Influenza Vaccine Implementation
20. Efforts should be made to promote influenza vaccination of all children, especially children younger than 5 years and those in high-risk groups (Table 2) and their contacts, unless contraindicated (Table 5). To promote influenza vaccination in communities affected by health disparities, it is important to include community members in the development of culturally relevant strategies. Evidence-based strategies for increasing influenza vaccine uptake are presented in Table 3. Strategies for communicating with families about vaccines and promoting vaccine confidence are available at https://www.aap.org/vaccinecommunication.
21. Increasing access and reducing barriers to vaccination in schools, pharmacies, hospitals, and other nontraditional settings could improve vaccination rates, although vaccination in the medical home is optimal for young children to facilitate other necessary services, including well care, preventive screening, anticipatory guidance, and other important childhood vaccinations.

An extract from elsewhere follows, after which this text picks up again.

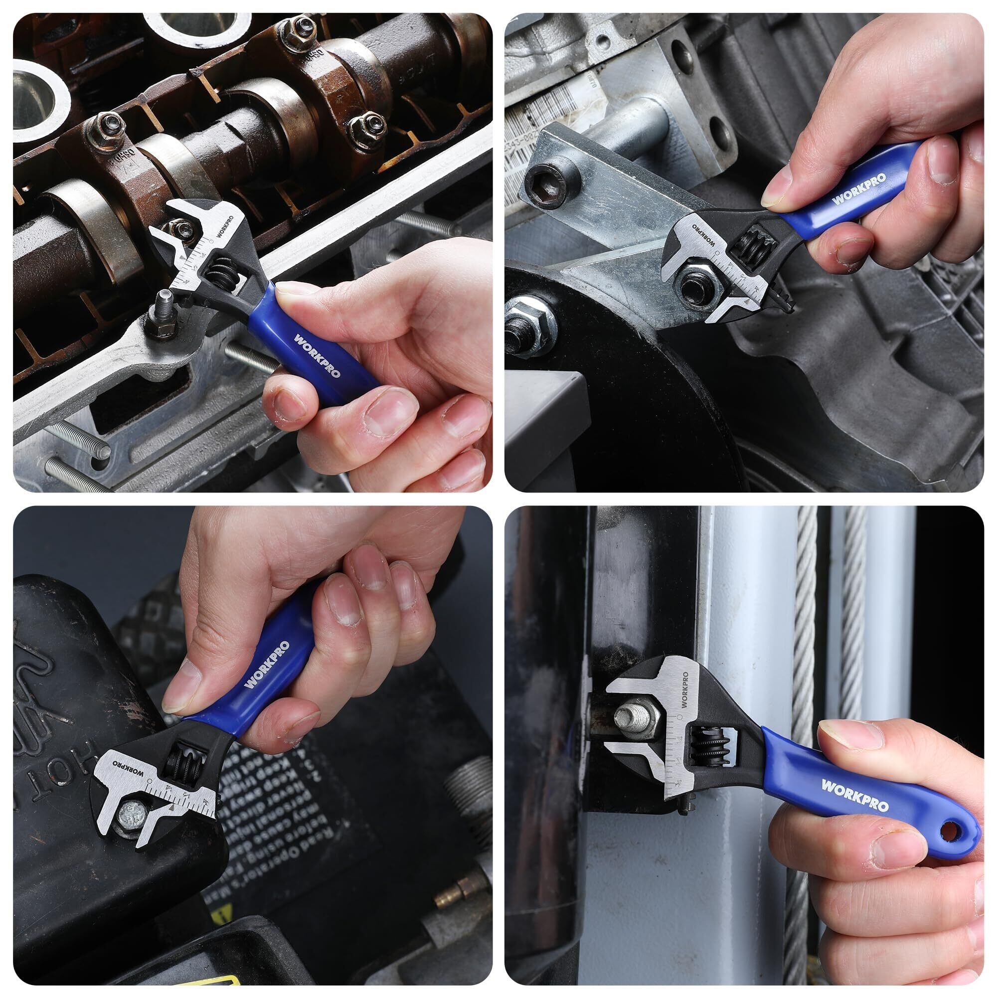 WORKPRO モンキーレンチ ミニサイズ スパナ アジャスタブルレンチ 最大口幅20mm 調整可能 目盛付き 軽量 パイプ 水栓 水道 配管 修理作業 自動車 給水装置 空調設備 建築金具 メンテナンス 全長110mm

22. When influenza vaccination takes place in a nontraditional setting, appropriate documentation should be provided to patients and to the medical home. Settings that offer influenza vaccination should submit details about the vaccination to the state or regional immunization information systems, including all content needed to support communication of this information to the patient’s medical home.
23. Practices serving children and adolescents may consider offering influenza vaccine to family members and close contacts.17
Influenza Vaccine Advocacy
24. All participants in immunization efforts should work to eliminate disparities in influenza vaccine supply between privately insured patients and those eligible for vaccination through the Vaccines for Children program.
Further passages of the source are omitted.